• DESCRIPTION OF THE TASK: All pictures are to be dropped, and everything else in the data duplicated exactly.

• THE DATA:
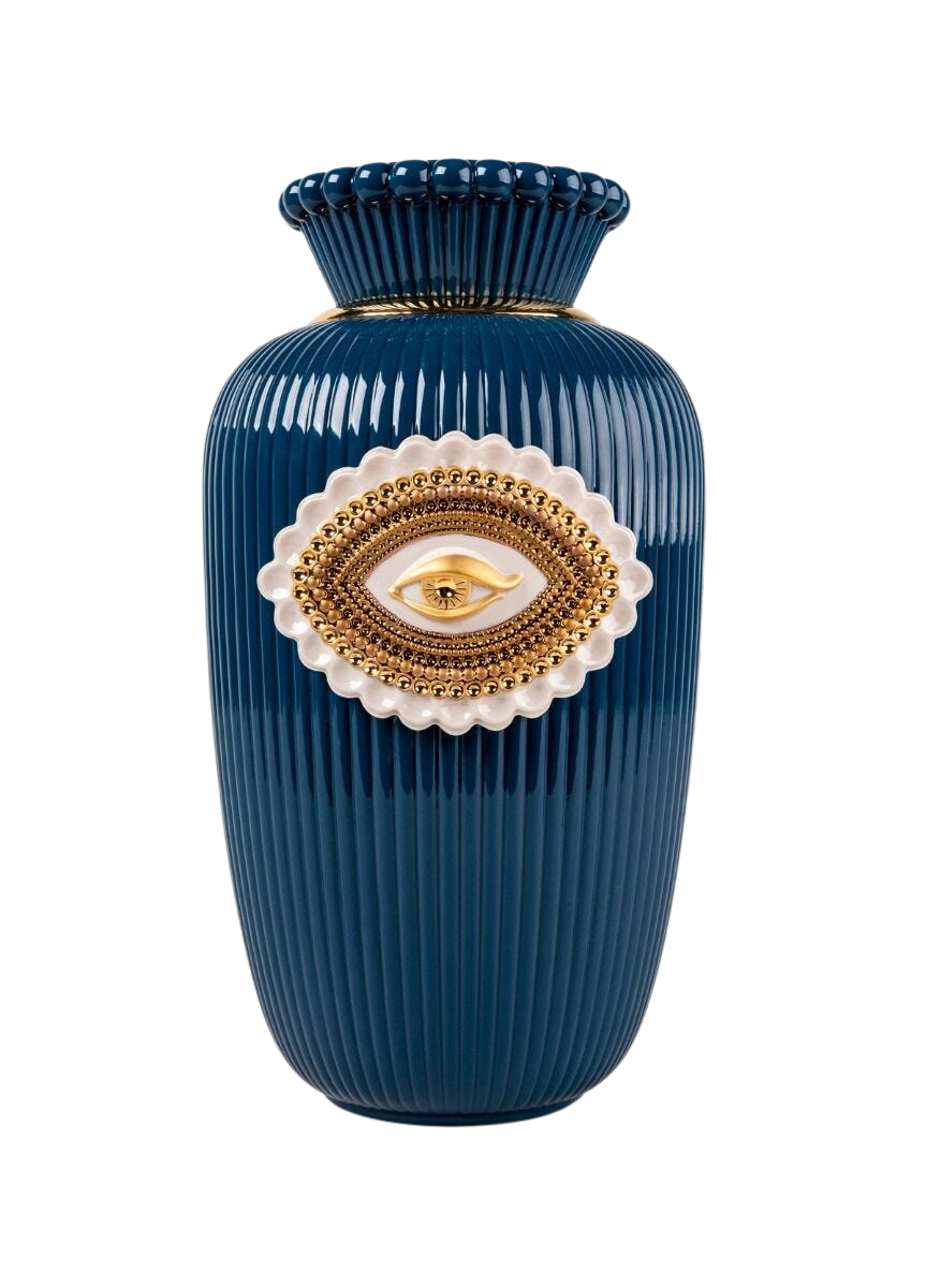 In 1785, when Maria Anne Fitzherbert opened a love letter from her admirer, Prince George of Wales, she did not expect to find an eye staring back at her. They had fallen in love, but their courtship had been disastrous. Royal laws forbade a Catholic widow to become a monarch. The prince was determined to marry her, however, and sent her a letter containing a rare and fascinating gift—a miniature depicting only George’s own right eye. Thus miniature eyes, also known as lover’s eyes, appeared all over Britain for nearly half a century. As with the royal couple, most were commissioned as gifts expressing devotion between loved ones. All were intimate and extremely precious, always meant to be kept in pockets or pinned close to the heart. This fascinating tradition is what inspired the Lovers Eyes collection, and has brought it into the 21st century in functional objects that seem to be looking at us attentively. In this case, a vase featuring an eye engraved in detail on the porcelain. For its decoration, a combination of intense Saxony blue and golden lustre on white porcelain was chosen. A creation full of meaning, functional and hypnotic.
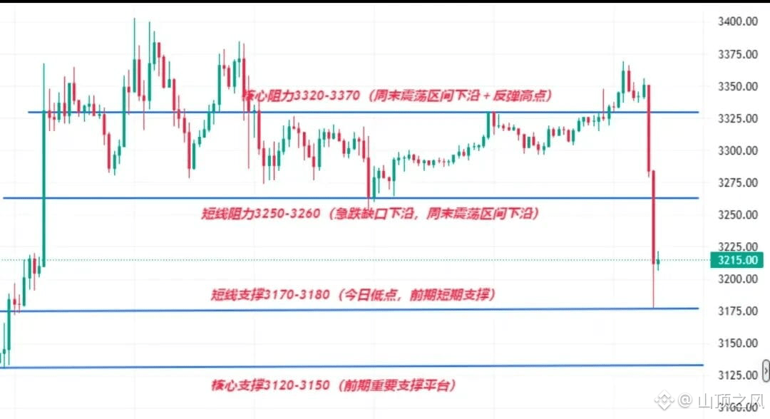 下方支撑:3,175–3,200 美元(今日低点 + 通道下沿)
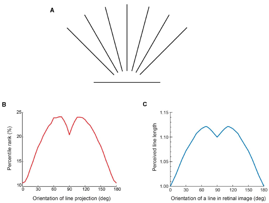 The evidence that visual perceptions are indeed a consequence of evolved associations between recurring input patterns and responses made on the basis of empirical reward is that the frequency of occurrence of stimulus patterns predicts perceptual experience (Purves and Lotto, 2011; Purves et al., 2014). Consider, for example, the perception of the ruler mentioned earlier. Perceptions of line length—or spatial intervals generally—has long been puzzling in that a projected line of the same measured length (e.g., the edge of the ruler) appears to have different lengths depending on its orientation (Figure 3A; Howe and Purves, 2002, 2005).

• ANSWER TO THIS TASK:
 In 1785, when Maria Anne Fitzherbert opened a love letter from her admirer, Prince George of Wales, she did not expect to find an eye staring back at her. They had fallen in love, but their courtship had been disastrous. Royal laws forbade a Catholic widow to become a monarch. The prince was determined to marry her, however, and sent her a letter containing a rare and fascinating gift—a miniature depicting only George’s own right eye. Thus miniature eyes, also known as lover’s eyes, appeared all over Britain for nearly half a century. As with the royal couple, most were commissioned as gifts expressing devotion between loved ones. All were intimate and extremely precious, always meant to be kept in pockets or pinned close to the heart. This fascinating tradition is what inspired the Lovers Eyes collection, and has brought it into the 21st century in functional objects that seem to be looking at us attentively. In this case, a vase featuring an eye engraved in detail on the porcelain. For its decoration, a combination of intense Saxony blue and golden lustre on white porcelain was chosen. A creation full of meaning, functional and hypnotic.
 下方支撑:3,175–3,200 美元(今日低点 + 通道下沿)
 The evidence that visual perceptions are indeed a consequence of evolved associations between recurring input patterns and responses made on the basis of empirical reward is that the frequency of occurrence of stimulus patterns predicts perceptual experience (Purves and Lotto, 2011; Purves et al., 2014). Consider, for example, the perception of the ruler mentioned earlier. Perceptions of line length—or spatial intervals generally—has long been puzzling in that a projected line of the same measured length (e.g., the edge of the ruler) appears to have different lengths depending on its orientation (Figure 3A; Howe and Purves, 2002, 2005).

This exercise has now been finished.